Так все нормально, ночное кино без билета, и вдруг до Володи доносится легкий шум…
Оказалось: три огромных волка гонят зайчишку, простоватого жителя леса, и настигают его для пожирания прямо возле витрин, вот что страшно.
И зайка— гаденыш -всего и меху-то на перчатки, а тоже жить хочет, — трепыханием говорит человечеству последнее прости, потому что серые гангстеры — им тоже по ночам жрать хочется, вот что страшно, — даже не дают ему последнего слова.
Телескопов — человек не робкого эскадрона, все записано в трудовой книжке, однако в данном случае трезво рассуждает, что потеря водителя такси взамен нетоварного зайца в целом для общества вреднее. Точнее, конец пришел губителю морковки.
И вдруг — легкий звон: как будто кто-то флакон уронил или витрина посыпалась. Оказалось, второе: из витрины спрыгнул на панель и поехал с легким свистом тяжелый хоккеист — ни дать ни взять Саня Рагулин, вот что страшно.
В мгновение ока ледовый рыцарь расшугал клюшкой скрежещущих зубами матерых профессионалов леса, а одному из них так заехал сверкающей железякой в пузо, что тому пришлось уползать, догоняя товарищей, и оставлять в снегу дымящуюся кровушку, красную, как таврический портвейн, вот что страшно.
Закончив благородный поступок, хоккеист сопроводил пострадавшее от испуга животное в безопасное место, и на этом вся история закончилась, а шурина в аптеке не оказалось, хотя «тройной» был виден с улицы сквозь мороз, вот что страшно.

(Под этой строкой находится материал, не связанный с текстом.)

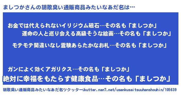 | ヒーロー風カッコイイあだ名 | 『スーパーマシツカ』『ネオマシツカ』 |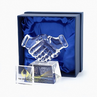 Стеклянная награда рукопожатие с цветной печатью на постаменте. Поставляется в комплекте с подарочным футляром. Вес награды без футляра 525гр.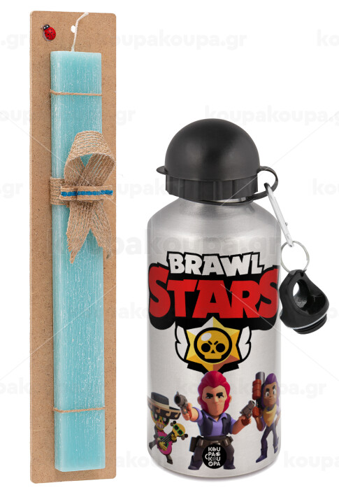 Brawl Stars Desert, Πασχαλινή Λαμπάδα με παγούρι μεταλλικό Ασημένιο αλουμινίου (500ml) & κερί αρωματικό πλακέ (30cm) (ΤΙΡΚΟΥΑΖ)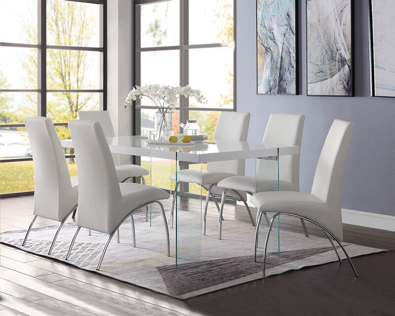 Source: Acme 72185-1107 7 pc Noland white finish wood clear glass legs dining table set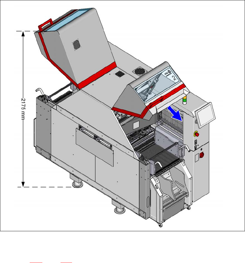 Abb. 3.3 - 2 Höhe der aufgeklappten Schutzhaube - Abmessungen in Millimeter (Beispiel SIPLACE TX2)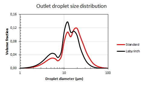 Figure 4: Droplet size distribution for valves with a single stage cage and with a labyrinth type cage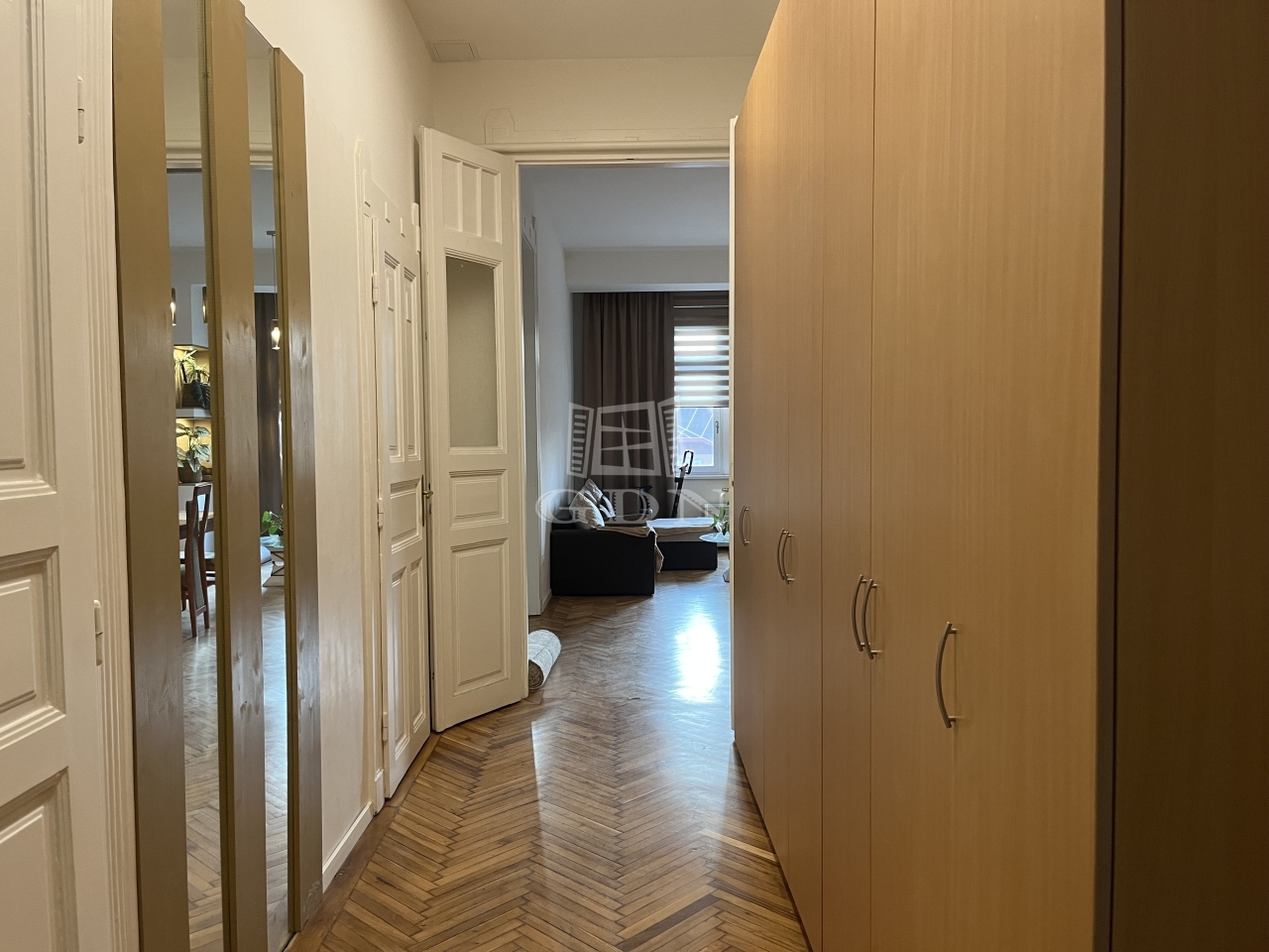 A lakás elrendezése tágas és praktikus, a nagy ablakoknak köszönhetően napfényes és kellemes hangulatú.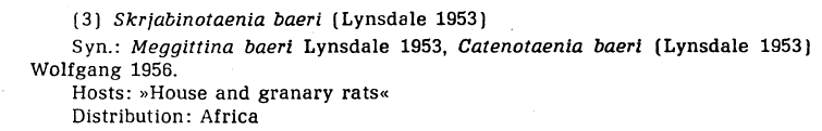 Synonyms Catenotaenia baeri (Lynsdale, 1953) Wolfgang, 1956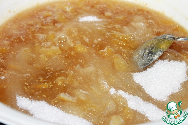 Дать остыть, провести эту процедуру ещё два раза, каждый раз давая конфитюру полностью остыть. В третий раз после 10-минутного кипения выключить огонь, добавить в варенье оставшийся сахар 0,5 кг, перемешать до полного его растворения, больше не кипятить!!!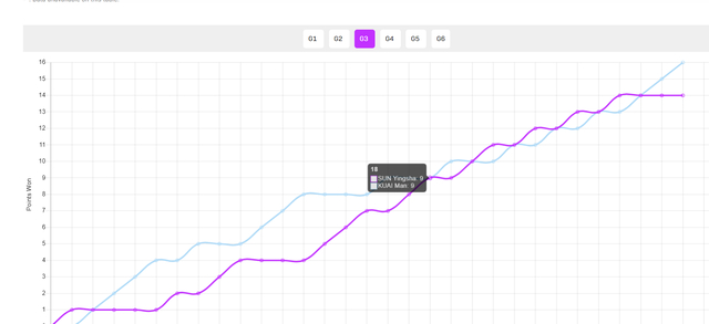 第三局开场蒯曼4-1领先,随后孙颖莎开始疯狂追分,两人打到9-9、10-10、11-11、12-12、13-13、14-14,期间孙颖莎曾4次拿到局点都被蒯曼挽救,最终孙颖莎率先破功,这一局对孙颖莎心理的打击太大。这才导致第六局孙颖莎开场1-10崩盘。

История, конечно, вздорная и рассказана она человеком ненадежным, когда он не за рулем, но вот что страшно: оказался еще один свидетель — Вадим Аполлинариевич Китоусов. Он видел спину удаляющегося по ледяной лунной дорожке хоккеиста и слышал, как тот насвистывает популярный мотив «You are my destiny», что по-русски означает «Ты моя судьба».
Часть третья.
Изнутри пихтинского быта
- О, если бы я только мог
- Хотя отчасти,
- Я написал бы восемь строк
- О свойствах страсти.
Борис ПАСТЕРНАК
Сон академика Морковникова был глубок по обыкновению и по обыкновению не имел никакого отношения к математике. Маленький герой его снов Эрик Морковка по обыкновению переживал увлекательные приключения в различных плоскостях, в распахнутых пространствах и тесных углах, проникал сквозь ярко окрашенные сферы, ловко, с еле заметным замиранием уворачивался от надвигающихся шаров для того, чтобы стремительно пронестись по внутреннему эллипсу и весело проснуться.
Академик уже предчувствовал этот не лишенный приятности миг возвращения к «объективированному миру», как вдруг на стыке орбитальной реки и зеркальной стены внутреннего куба чей-то совершенно незнакомый голос отчетливо и гулко произнес фразу: ЖИЗНЬ КОРОТКА, А МУЗЫКА ПРЕКРАСНА, — и Эрнест Аполлинариевич проснулся с ощущением, что он давно уже ждал этой фразы, звал ее, но боялся и не хотел. Он выждал несколько секунд, чтобы задвинулись все ящички комода, чтобы ЦНС окончательно переключилась в рабочее состояние, и все ящички, как обычно, плотно задвинулись, за исключением одного, из которого все-таки торчал уголок разлохмаченной ткани, в сущности, тряпочка с хвостиком.
— Хоп! — сказал себе Эрнест и повернул голову.
Все было, как обычно: Эйнштейн на стене набивал свою трубочку, а его сосед, известный фильмовый трюкач Жиль Деламар прыгал в Сену с Нотр-Дам де Пари и замечательный лозунг смельчака «День начинается, пора жить!» косо пересекал фотографию…
— Хоп! — сказал себе Эрнест, вскочил с кровати и встал на голову.
Все было нормально: в глубине квартиры жена разговаривала с сыном, вздыхал и постукивал хвостом по полу любимый сенбернар Селиванов, за окном на ветке пихты уже ждал ворон Эрнест, тезка академика…
Все было нормально: сорокалетний Эрнест стоял на голове и ногами производил в воздухе вращательные движения, кровь наполняла опавшие за ночь капилляры, мышцы вырабатывали из молочной кислоты деятельные кинины, тихо крутилась в углу пластинка сопровождения… все было нормально, а между тем Морковников вдруг мгновенно и безошибочно почувствовал изменение — дикий разгон и безвозвратный вираж судьбы.
Он вдруг покрылся внеурочным потом и сел на ковер: бренчало пианино за тысячи миль и за шестьдесят восемь лет; апрельский рэгтайм наигрывали коричневые пальцы, дымился сумрачный лесопарк…
Потом он бежал по парку-свалявшиеся листья, короста старого льда, полуистлевшие косточки мелких животных… отчетливые, но неуловимые очертания гениальной формулы, формулы его жизни, витали между стволов, и он проникал в это утреннее созвездие, туманность трескучих ягод и думал все тридцать пять минут новозеландского бега: что же произошло в его квартире? Осень сейчас или весна?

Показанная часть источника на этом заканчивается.